Interview: Joan Chen and Zhu Zhu of "Marco Polo"

Reader for more binge-watching? The new Netflix event Marco Polo debuts tomorrow! Here's Jose to talk to its glamorous stars...

The most surprising thing about Netflix's new series Marco Polo may be how much attention it gives to its non-titular female characters. Keep in mind, that the show takes place during the 13th century, an era in which women had little say in politics and were ignored by the history books filled as they are with male explorers and conquistadors, including the title character played by the gorgeous Lorenzo Richelmy. In a show which could have treated its women like decorative supporting objects, series creator John Fusco, the writers, and the actresses make them the most fascinating people we meet. As the boys plan wars, train in kung fu and engage in sword fights of all varieties, the women show their power through intellect.

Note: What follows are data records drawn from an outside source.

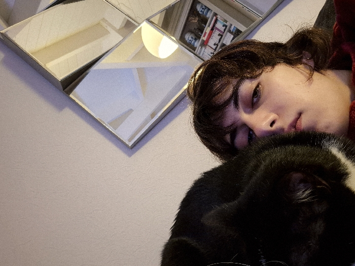 A young person with dark hair and fair skin rests their face against a black cat with a white patch. The individual wears a red garment. Above them, a set of square mirrors is affixed to a light-colored wall, reflecting parts of a bookshelf. The lighting appears dim, casting shadows across the scene. The picture is taken from an unusual angle, looking upwards towards the subject.
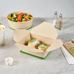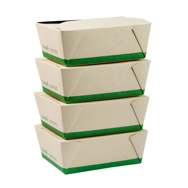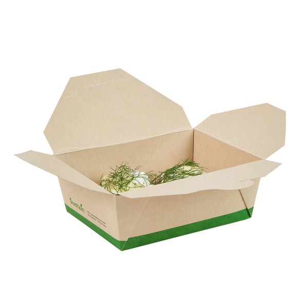 Ensure secure meal delivery with our Sustain Leak-Resistant Kraft Paper Takeout Container. Designed with a robust PLA lining, this takeout container effectively prevents leaks, ensuring a mess-free service for your patrons. The convenient tab-lock closure keeps meals intact during transport, making it an ideal to-go box for restaurants and catering businesses focused on maintaining meal presentation. Crafted from sustainably sourced paper, these disposable food containers are commercially compostable, supporting eco-friendly disposal practices and appealing to environmentally conscious consumers. Measuring 6.75 inches in length, 5.5 inches in width, and 2.6 inches in height, each container accommodates up to 45 ounces, providing ample space for various dishes. Enhance your service with reliable, biodegradable packaging that aligns with your sustainability goals. Each order includes 50 Sustain Leak-Resistant Kraft Paper Takeout Containers.
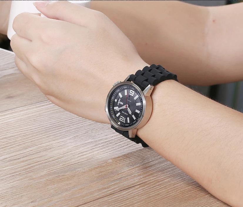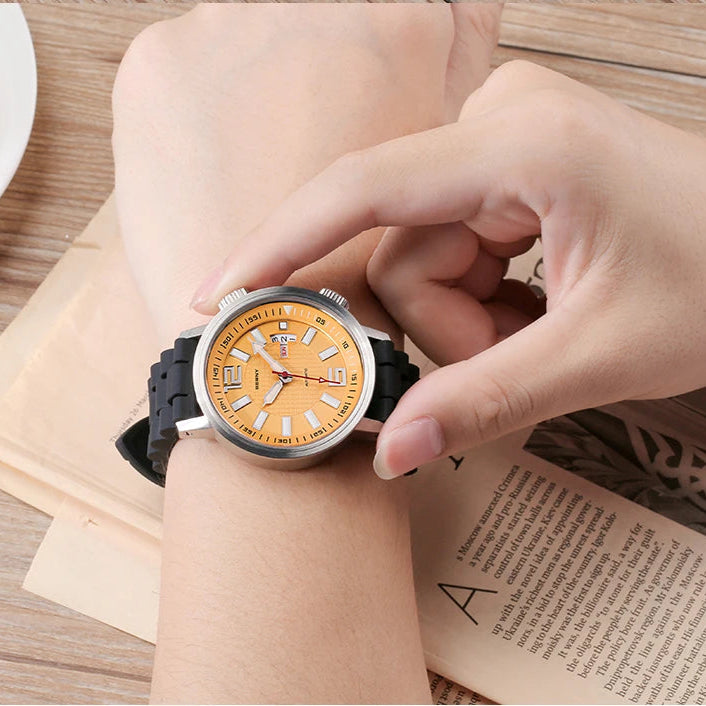 Perfect for the modern men, this aesthetic and classy watch exudes sophistication and timeless appeal. Designed with a silicone strap and stainless steel dial, offering both durability and style, this watch is a great option for both formal and casual wear. The luminous hands, waterproof construction and the day & date display are great. Wear it with your favorite outfit to make yourself look great and stylish.
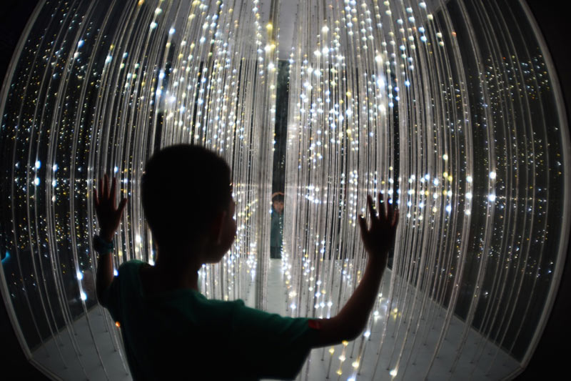 5月27日,一名孩子在数博会“追梦·未来”数字艺术特展上体验艺术作品《梦立方》。
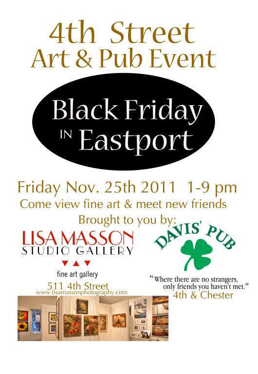 and Davis' Pub 4th and Chester invite you to come view fine art and meet some new friends from 1-9pm Friday Nov. 25th.
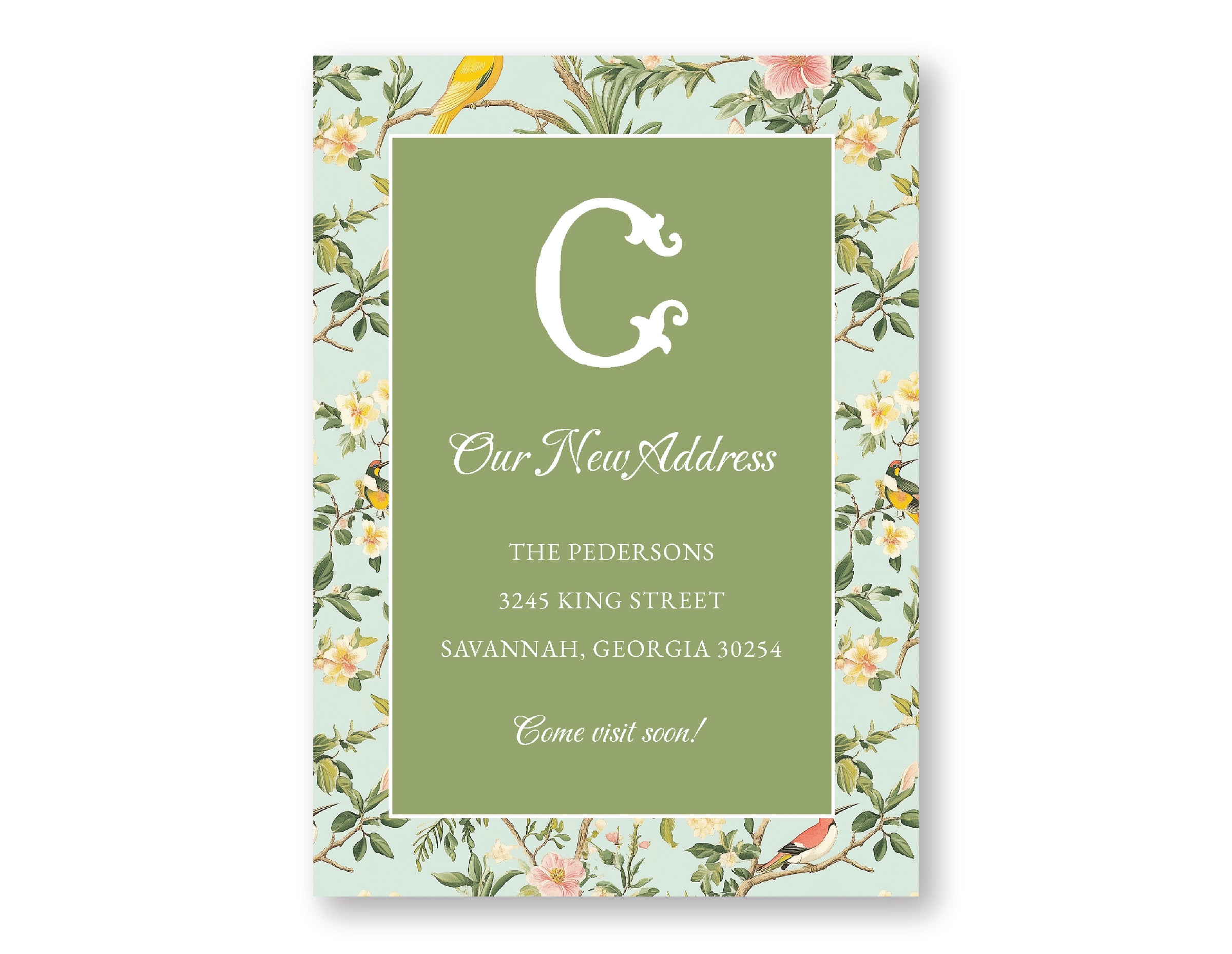 Celadon Songbirds Change of Address Cards, set of 24

Two of the best characters in the show are Empress Chabi, played by international film and television goddess Joan Chen (Twin Peaks, Lust Caution), and Princess Kokochin, played by Zhu Zhu. Where the former is serene, to the point where her harshest decisions become chilling, the latter is more explosive. 

Other than its lead (Richelmy), who during the first season is mostly a vessel through which we see the clash of cultures, Marco Polo’s ensemble is completely non-white, something Chen highlighted during our conversation. In a time when Hollywood continues to practice whitewashing in casting, it's refreshing to see a show with people of so many different nationalities and races.

Chen and Zhu Zhu were gracious enough to discuss their process, their inspiration and the importance of history. Our talk is after the jump.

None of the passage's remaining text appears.